In mammalian cells, several of the proteins that associate with metaphase chromosomes relocalize to the spindle midzone at anaphase and remain associated with the interzonal microtubules as the chromosomes move to the poles. The interzonal microtubules and associated proteins are thought to be important in positioning of the cleavage furrow (for review see Field et al., 1999). Given the aberrations in both chromosome alignment and midzone microtubule organization in oocytes from MLH1 null females, it remained possible that the extremely elongated spindles observed after extended time in culture represented an “abortive” anaphase. To test this hypothesis, we analyzed extremely elongated spindles for evidence of the chiasma resolution that occurs at the onset of anaphase.
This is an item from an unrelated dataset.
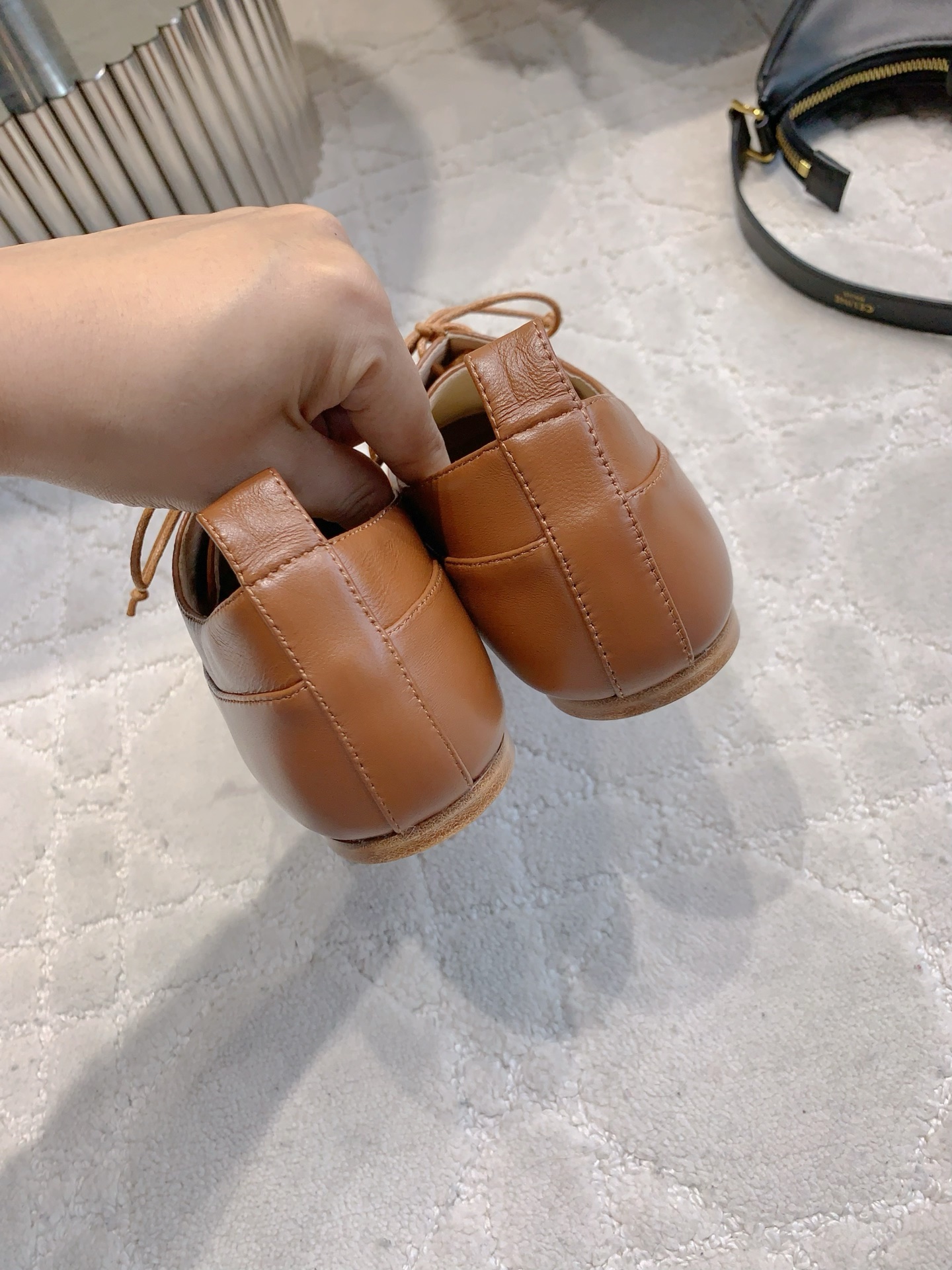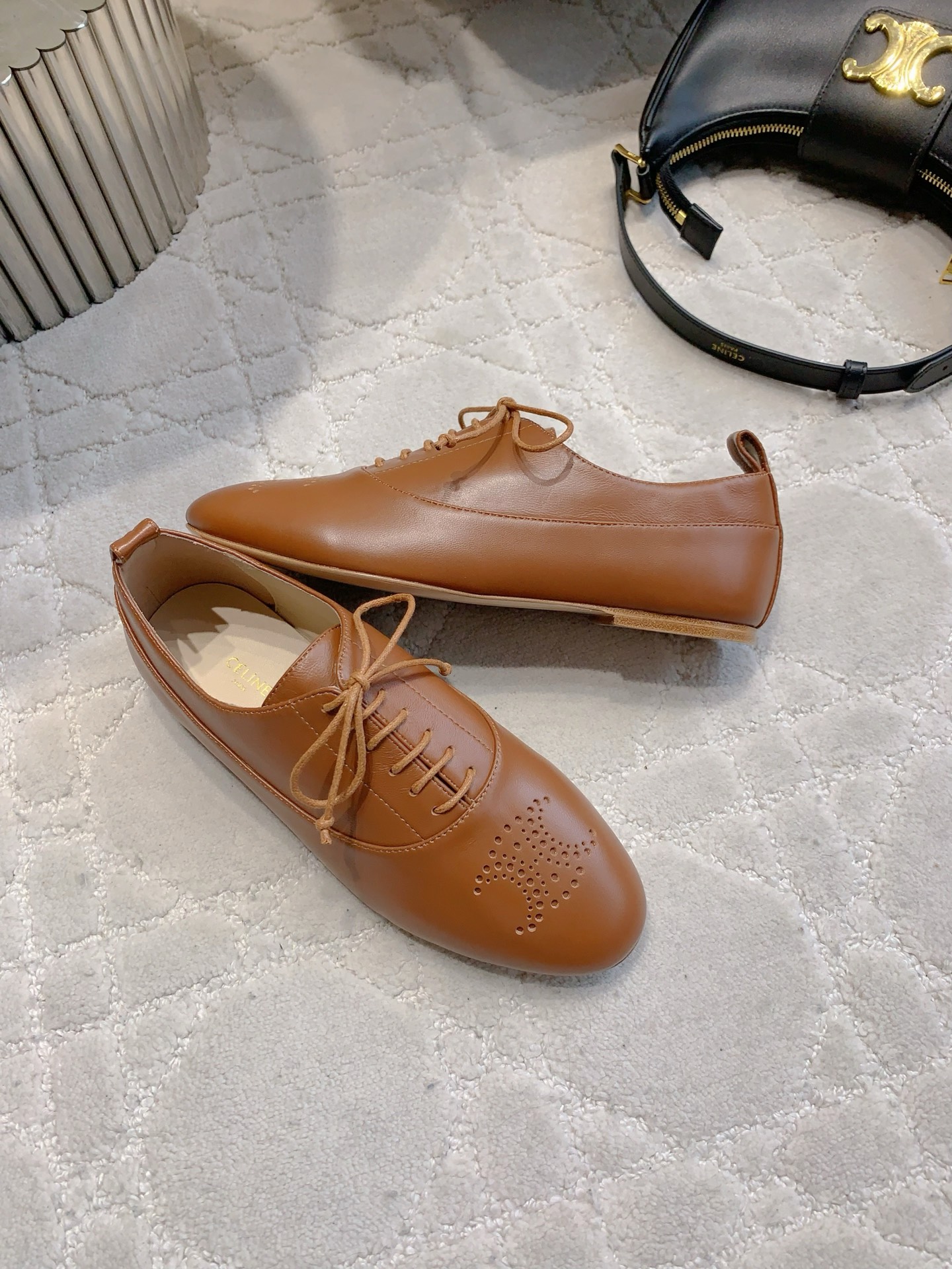这款鞋子是AAAAA 1:1 质量 (非常棒). 使用了和原版一模一样的材料. 商标部分也保持了和思琳/Celine一样. 图片拍摄是实物鞋子拍摄, 您所收到的实物保证和我们图片一模一样.
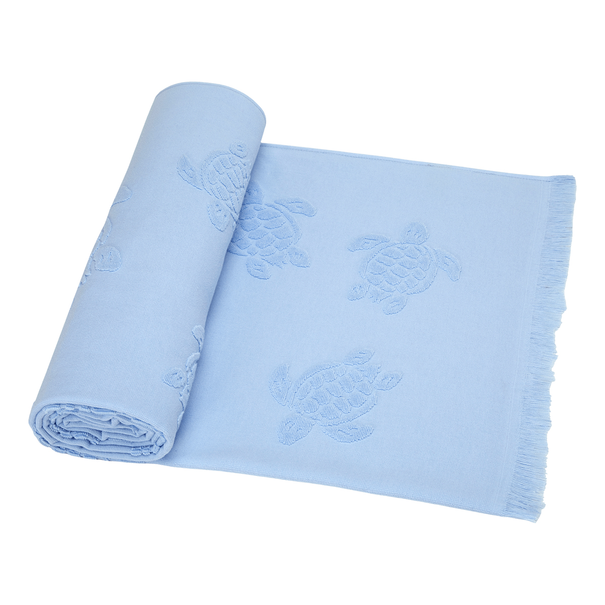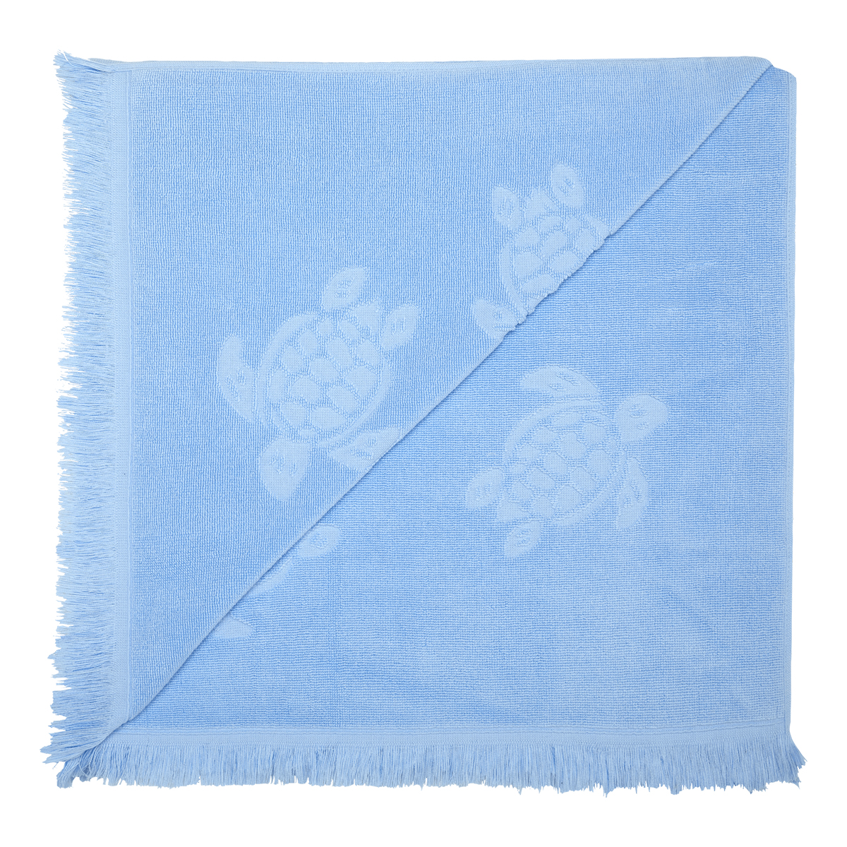 İkonik Vilebrequin kaplumbağaları, Santah unisex yetişkin havlularında yüzüyor. Bu zamansız pamuklu havlu yumuşak ve şıktır, aynı tonda dokuma jakar kaplumbağa desenlerine sahiptir.

From a group of oocytes cultured for 12 h, a subset of 22 oocytes with the longest spindles (i.e., with a pole-to-pole measurement exceeding 80 μm) was selected. In 9 of the 22 oocytes (41%) chiasmate bivalents were obvious, in an additional 9 oocytes a group of chromosomes was present at the spindle equator but it was impossible to distinguish a chiasmate bivalent, and in 4 oocytes (18%) it was possible to conclude that no exchange bivalents were present (e.g., either the chromosomes were randomly dispersed over the length of the spindle and all visible or were present as 2 distinct groups at opposite spindle poles). These observations provide evidence that the elongated spindle phenotype does not represent an attempt to initiate anaphase, a conclusion supported by the results of histone H1 kinase assays (Kubiak et al., 1992) to determine if spindle pole elongation was associated with the characteristic decline in cyclin B levels that accompanies anaphase onset (data not shown). Interestingly, the proportion of cells with no exchange bivalents among the oocytes with extremely elongated spindles (18% of the total) was virtually identical to the frequency of achiasmate cells scored at diakinesis (15% of the total). This suggests that the fate of oocytes with zero chiasmata is no different from that of cells with one or more exchange bivalents.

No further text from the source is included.